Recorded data
==================================================
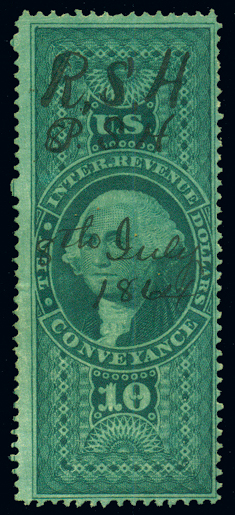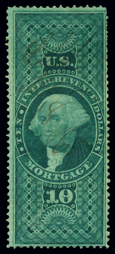 R95cvar,$10 Mortgage, Green, Top Frameline Double Variety, Fine, with 1865 ms ccl, short perforations Cat($55) (Image)
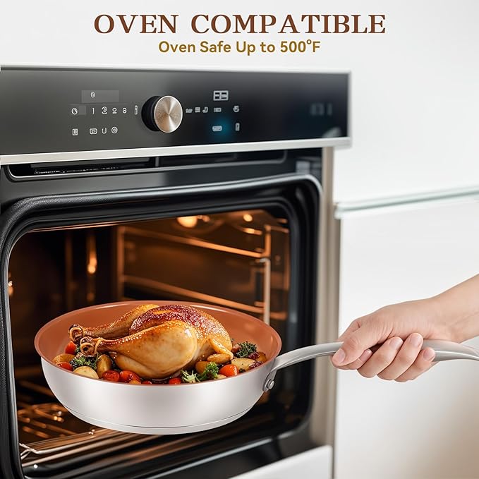 - OVEN COMPATIBLE: Ceramic skillet is oven-compatible up to 500°F, moving easily from stovetop to oven and handling high heat without warping, making it a versatile addition to your kitchen
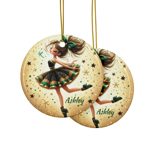 Cheerleader Ornament, Personalized Holiday Decor, Cheerleader Gift, Ceramic Christmas Ornament, Custom Cheer Decor, Gold and Green
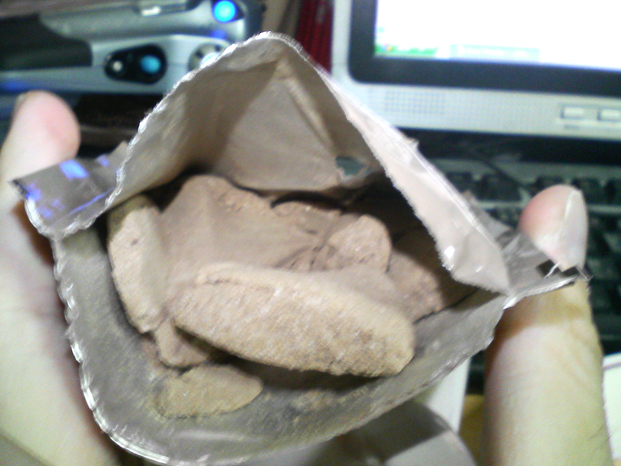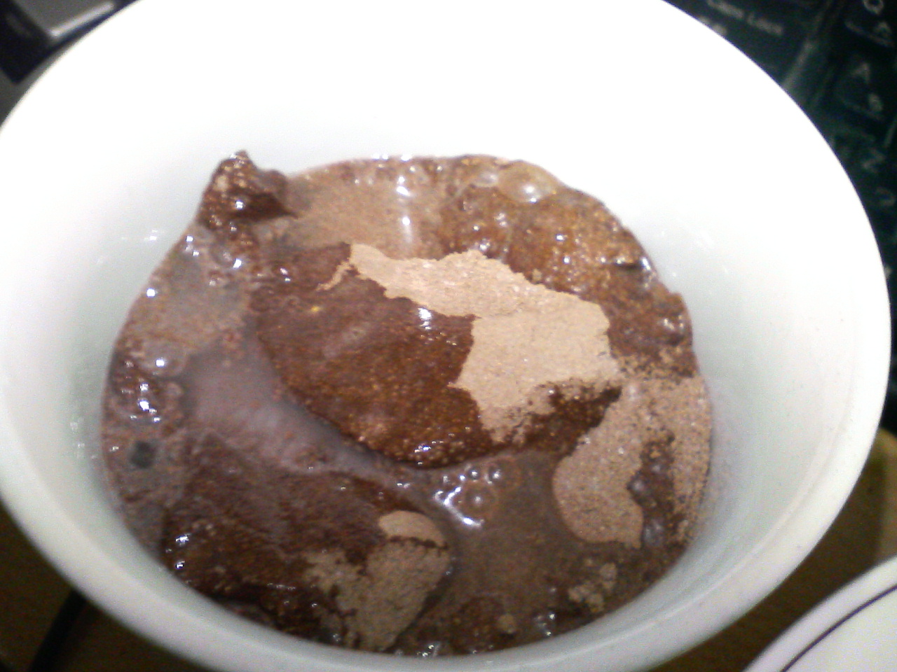 なんの粉だろ?恐る恐る舐めたところココア味ですがやけに量が多いです。
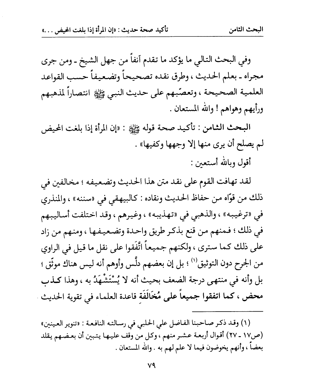 وفي البحث التالي ما يؤكد ما تقدم آنفا من جهل الشيخ - ومن جرى مجراه - بعلم الحديث وطرق نقده تصحيحا وتضعيفا حسب القواعد العلمية الصحيحة وتعصبهم على حديث النبي A انتصارا لمذهبهم ورأيهم وهواهم والله المستعان
==================================================
> What the task asks
Take the line containing "- OVEN COMPATIBLE: Ceramic" and every line after it to the end of the records, and restate them verbatim, with no pictures.

> Response
 - OVEN COMPATIBLE: Ceramic skillet is oven-compatible up to 500°F, moving easily from stovetop to oven and handling high heat without warping, making it a versatile addition to your kitchen
 Cheerleader Ornament, Personalized Holiday Decor, Cheerleader Gift, Ceramic Christmas Ornament, Custom Cheer Decor, Gold and Green
 なんの粉だろ?恐る恐る舐めたところココア味ですがやけに量が多いです。
 وفي البحث التالي ما يؤكد ما تقدم آنفا من جهل الشيخ - ومن جرى مجراه - بعلم الحديث وطرق نقده تصحيحا وتضعيفا حسب القواعد العلمية الصحيحة وتعصبهم على حديث النبي A انتصارا لمذهبهم ورأيهم وهواهم والله المستعان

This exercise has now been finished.